The code will output:

Integer Value: 52000
Invalid String: Invalid

The & in front of invalidstr supplies a pointer to the pointer which allows the function to change the value of invalidstr inside the function. Note also that as both tmpstr and invalidstr point to the same bit of memory one could retrieve the number of valid characters by subtracting tmpstr from invalidstr.

Lets do a trick, read it backwards "char * * endPtr":
"EndPtr" are a "pointer" to a "pointer" of type "char".

A pointer is a 32bit value in the memory (on i386). This memory holds a value thats an address of some other storage area.

[4BytesAddress] -> [4BytesAddress] -> ["SomeString"]

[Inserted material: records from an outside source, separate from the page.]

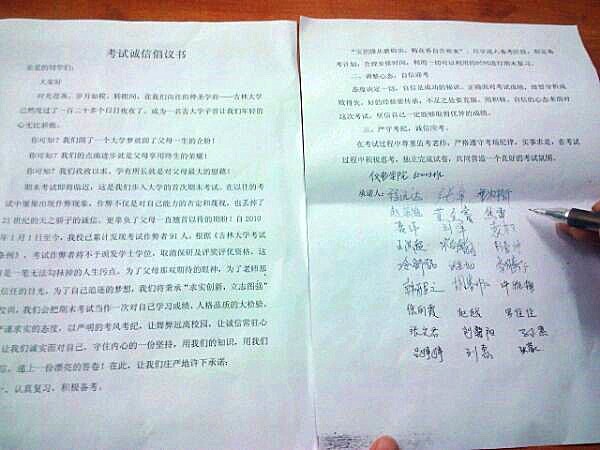 为进一步加强学风建设,全面提升员工诚信意识,优化考风考纪,营造良好的考试氛围,在2011—2012学年第一学期期末考试临近之际,哈哈体育组织2010级全体本科员工签订了《考试诚信倡议书》,倡导同学们诚信考试。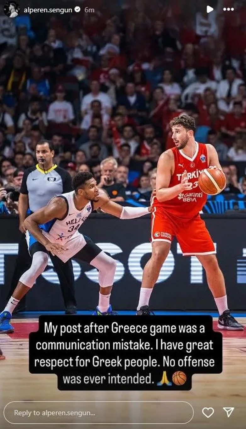 Ο Τούρκος σέντερ, μέσα από δική του τοποθέτηση στα social media, αναγνώρισε πως οι προηγούμενες δηλώσεις και αναρτήσεις ήταν αποτέλεσμα ενός «επικοινωνιακού λάθους» και ξεκαθάρισε ότι σε καμία περίπτωση δεν είχε πρόθεση να προσβάλει ή να υποτιμήσει κανέναν.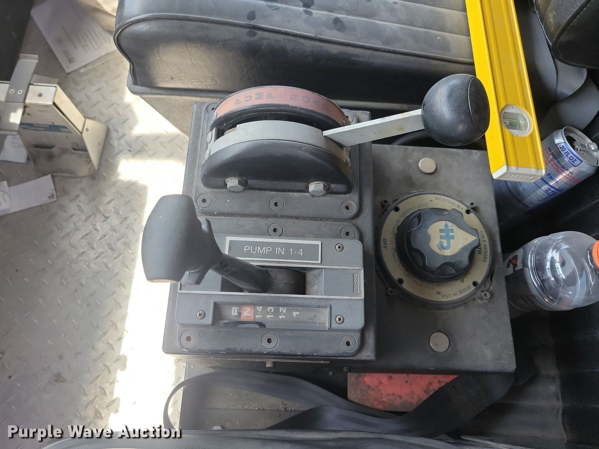 1984 Sutphen TS-1004 aerial platform fire truck. Miles: 15,997 on odometer, Hours: 263 on meter, VIN: 1S9A3JFEXE1003218. Engine Detroit Diesel 8V-92TA, Serial: 8VF-085286, Displacement: 736 C.I.D., Cylinders: 8, Fuel type: Diesel, HP: 445. Transmission Automatic. Chassis Axles: Tandem, Suspension: Spring, Brakes: Air. Interior Auxiliary controls. Features Fire truck body Aerial Sutphen TS-100, Hours: 17 on meter, Maximum height: 100', Maximum lift capacity: 700 lbs, Stabilizers Quantity: 2, Pump 1,500 gpm, Ground ladder, Generator Onan 6.0DJE-3CR/96AG, kW: 5, PA/ siren controls. Tires Front: 315/80R22.5, Rear: 10.00-20. Iowa title. Seymour, IA 52590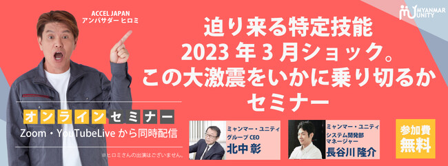 今回、迫り来る2023年3月ショックをどのように乗り切るかをご説明するため、ミャンマー政府認定No.1人材送り出し機関「ミャンマー・ユニティ」は、2月21日に「迫り来る特定技能2023年3月ショック。この大激震をいかに乗り切るか セミナー」を開催いたします。奮ってご参加ください。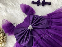 Designer Ruffled Sleeves Hand Work Purple Dress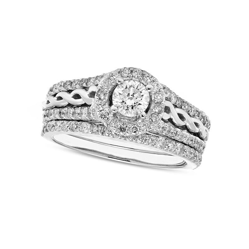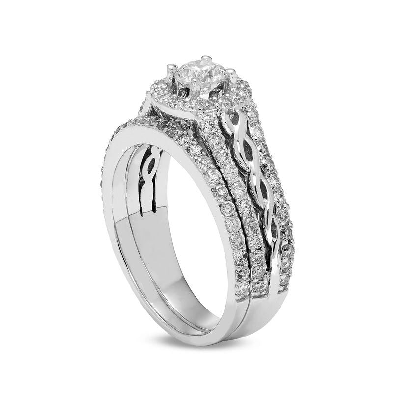 1.0 CT. T.W. Certified Natural Diamond Frame Braided Shank Bridal Engagement Ring Set in Solid 14K White Gold (I/I2)

The only thing you realy can pass to a function in C are values, so.. to give the function a chance to return something more then its return _value_ we have to send in a value, that means something both to us and to the function. The value we sendin is an memory address of an storage area we know about. The function stores its second return argument in this memory area. After the function returns we can look in this area, in this case it will contain an address to the start of the "NonDigitPart" of the String we sent in.

This is how it looks like before we sent **endPtr into the function.
[4bytesAddress]->[NULL]

This is how it looks like after we called strtol()
[4bytesAddress]->[4bytesAddress]->["ABC"]

I used an extra variable to make it totaly clear whats going on.
Normaly you just call the function like:
myNumber = strtol(myNumStr, &pEndOfString, 10);

Hope this helped.

Thanks for the detail explanations.
What didn't work for me is i didn't know to put the "&" sign before the pointer.

But one thing not so clear to me is why we need a pointer to pointer?
What is the advantage of using that?

It servers a lot of purposes ;)

In the case of strtol() you may need to know where the string-to-integer conversion stopped because strtol() ran into character that is invalid for the conversion.

Strings are pointer-to-char's in C, so strtol() wants to return a pointer-to-char to the calling code. Strtol() could just return that pointer, but the strtol() already returns the result of the conversion: a long int.

Now, if we pass a pointer-to-char to strtol(), any changes made to that pointer by strtol() are lost at return-time, because a function always receives a temporary copy of it's parameters.

If the strtol() needs to be able to change a parameter, you can pass it the address of a parameter, which is a pointer to the parameter, from strtol()'s point of view.

In this case the parameter we want strtol() to change is a pointer (to char) itself already. So we pass the address of the pointer-to-char to strtol() by putting a '&' in front of it. What strtol() then receives is the address of a pointer-to-char, in other words: a pointer-to-pointer-to-char. So now it can change the pointer-to-char "owned" ("declared" to be more precise) by the calling code.

Hope this helps.